CONSIDERATION OF THE EVIDENCE
20. The Tribunal considered the oral submissions by the Appellant and the documents filed of record.
21. Page 8 of the original application for debt re-arrangement contains a letter of acceptance on a Call Direct letterhead. The address on the top right hand corner of the letter cites FirstRand Bank Limited but then indicates that Direct Axis is an agent of the Credit Provider. The letter indicates at the bottom after the signature that it is from Direct Axis, on behalf of FirstRand Bank. Furthermore, page 36 of the original application for a debt re-arrangement order states that Direct Axis is a subsidiary of FirstRand Bank Limited.
22. This creates confusion as to who the credit provider is. As stated by Mr De Lange, Direct Axis acts on behalf of FirstRand Bank. Therefore, Direct Axis is incorrectly cited as the Credit Provider.

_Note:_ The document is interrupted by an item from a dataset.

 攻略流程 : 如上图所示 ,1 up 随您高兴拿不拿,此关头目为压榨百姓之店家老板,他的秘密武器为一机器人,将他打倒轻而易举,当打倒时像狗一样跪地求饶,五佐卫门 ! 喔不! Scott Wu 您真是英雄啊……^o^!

23. It should be noted that a Tribunal Member makes a decision based on the information in front of him or her and not on information submitted subsequently. Therefore the Tribunal Member in this case did not err in refusing to grant the order as requested.
24. On page 31 of the original application for a debt re-arrangement order there is a letter of acceptance from Le Morgan Direct Marketing (Pty) Ltd, bearing an official stamp and contact details of the company. There is no reason to believe that this letter was not in the original documents considered by the Tribunal member.
CONCLUSION
25. The Tribunal finds that Direct Axis is an agent and a subsidiary of FirstRand Bank Limited and is wrongly cited as the Credit Provider..
26. With respect to the First Respondent tt is evident that a letter of acceptance was in the original application for a debt re-arrangement order.
ORDER
27. Under the circumstances and for the reasons stated above, the Tribunal orders as follows:
The appeal against the refusal by Prof Maseko to grant the debt re-arrangement order is dismissed based on the incorrect citation of Direct Axis as the Credit Provider.;
The Debt Counsellor may submit a new application.
There is no order as to costs.
DATED THIS 11th DAY OF FEBRUARY 2015
[signed]
___________________________
FK Sibanda
Presiding Member
Adv F Manamela (Member) and Ms P Beck (Member) concurring.